Saturday, July 30, 2011

Look who's here!!!

No, it's not the baby! Don't be silly!

BUT my infamous glider has arrived!!! YEA!

Ohh soo comfy and wonderful!! I love it! And it even fits! Well, it just fits, but it fits and I can rock and swivel and not hit all the walls! Success!  Now I can fall asleep rocking and nursing my little guy! (Too bad Scott won't let me try it out now for fear my water will break on it and I will "ruin" it. Ugh)



Nursery complete! Now all we need is a baby ....

8 days and countin' ... :)

Friday, July 29, 2011

I need clown shoes. Stat.

Ew. Ew. Ew.

I know that it's summer (and a hot one) and I know that your feet are supposed to swell during pregnancy, which is precisely the reason that I didn't try on the *super adorable* (and affordable!) heels I saw in Water Tower the other day.  But, for the most part, mine haven't been noticeably bigger, so for that I've been grateful, but last night. Ew. I spent a good 5 straight hours on the couch working before I got up to use the bathroom and I could not walk! I was all like what the heck? And then I looked at my feet! And they were HUGE. For real H.U.G.E.  I'm currently in my "do I have preeclampsia" scare (because it's the next natural step in my paranoia) and one of the symptoms is sudden and severe swelling so of course I'm even more convinced (even though my doctor took my blood pressure 4x only two days ago and the last 3 times were normal -- high blood pressure is apparently the biggest indicator of the dangerous and deadly (!!) condition and a reason to induce you immediately).  But my doctor was asking me if I had all the other symptoms (including swelling) and at that moment, I hadn't.  But now my feet are huge and it was quite sudden. Oooor, I'm just noticing it because I'm looking for it.  But you know that Full House episode where Michelle thinks she has big feet and she has the dream where her feet keep growing and growing until they take over the whole house? (Yes, ask my husband, I can revert any problem in life back to a Full House episode). That is how I'm feeling! Ahh, it's really scary. I'd show you a picture, but I don't want to scare you off your computer! I should probably go back to that episode and figure out what Danny told Michelle to stop her "my feet are taking over the world" nightmares ... :(

38 weeks. 4 days. And depressed.

Every night, Scott gets off the couch, kisses me goodnight, and says "I'm going to go take a nap, wake me when you need me."  I spend the next few hours walking around the condo straightening up, sweeping the floors, doing the leftover dishes in the sink, throwing a load of laundry in, paying bills.  (Hey! I don't let Santa come unless the house is spotless, I'm certainly not going to bring my son home to a messy home!)  At some point, I give up hope that I'm going to break my water and mosey into bed.  I play "uno" on my iphone until right around the time Scott's alarm clock goes off.  At some point during his morning activities I drift off into my couple of hours of nervous sleep.  My worst immediate fear is that my water will break around 7am and Scott will not be able to get back into the city during rush hour in time to hold my hand during labor.  In reality, how many women's water break and the baby shows up in their arms in an hour? But my kid is sure to my dramatic, so I spend every morning between 6-9am in a restless sleep worried that my water will break and Scott will miss the birth. Crazy.  And not so good for this whole "sleep" thing I'm supposed to be storing up.  The good news is I'm soo physically ready for a newborn.  I get, maybe, four hours of sleep a day/night. I almost feel like if I sleep when my baby sleeps, I may get more once the baby is born! Well, maybe 15 minutes more or so ;)

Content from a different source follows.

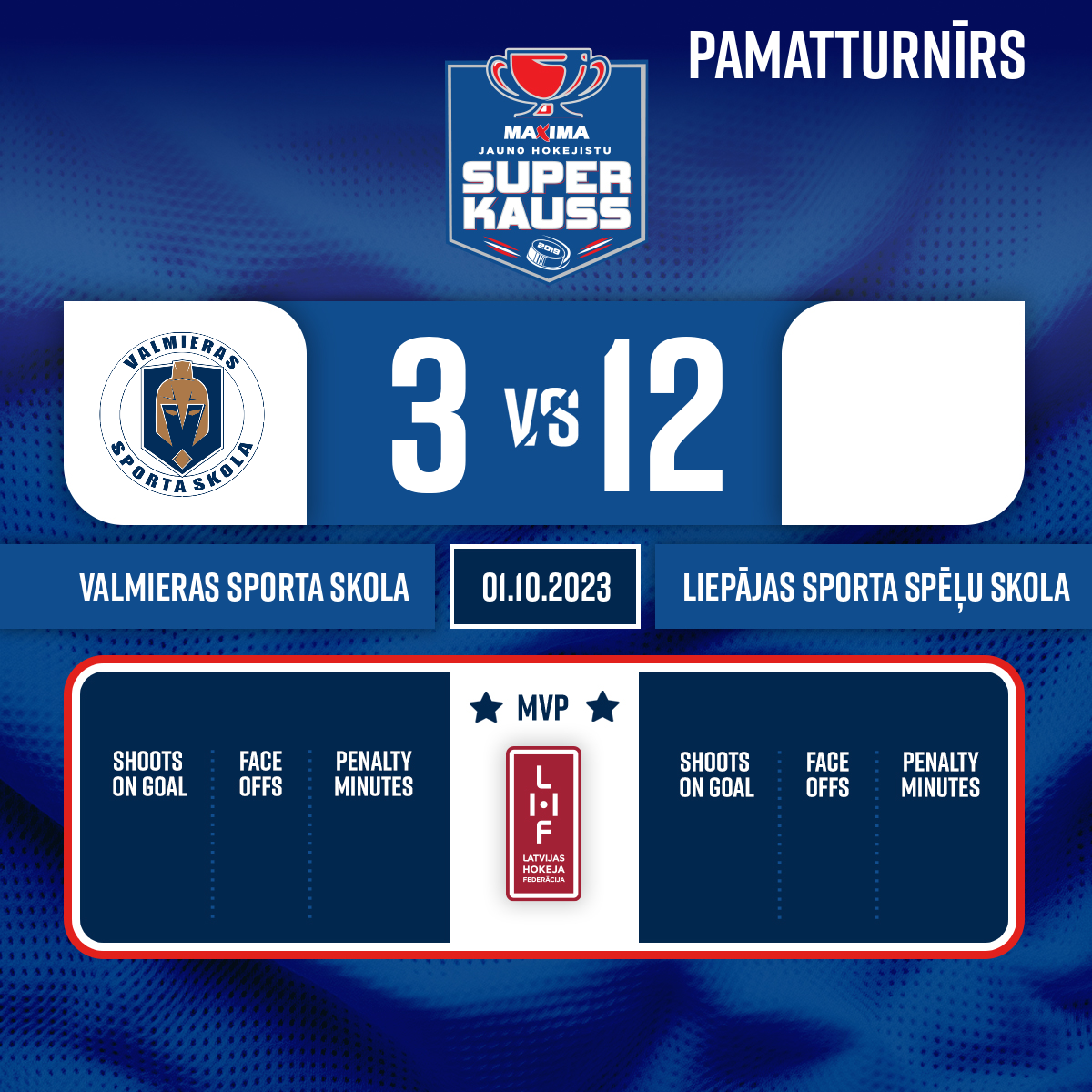 Assist: #29 Mark BAŠKIROV1:2PK1, 11:07- #8 Kyrylo SKACHKOVAssists: #10 Aleksis FRĒLIHS#32 Kaspars LAPUĶIS0:210:34

To say I've hit the ultimate place of frustration is an overstatement.  Let's break it down for a second.  I've been a really good sport here!  A pregnancy consists of 40 weeks.  I've been sick since week 3.  Throwing up, not able to get off the bathroom floor sick.  I spent over 2 FULL weeks in bed with my head in a bucket, no exaggeration.  I've landed in the hospital *3* times, 2 with overnight stays.  I've dealt with nausea, puking, and a general sickness for over 30 weeks.  I've felt contractions for over 8 weeks.  They've been painful for over 6.  They've been "breathe through" for over another week.  I went on strict (aka boring!) bedrest for 3 weeks (in the middle of the summer!).  I've been dialated for 6 weeks.  I'm not trying to complain (though I have gained the RIGHT to at this point) or claim that I've had the worst pregnancy ever (I know it can *always* be worse and is for many women), but simply put, I. AM. OVER. IT. 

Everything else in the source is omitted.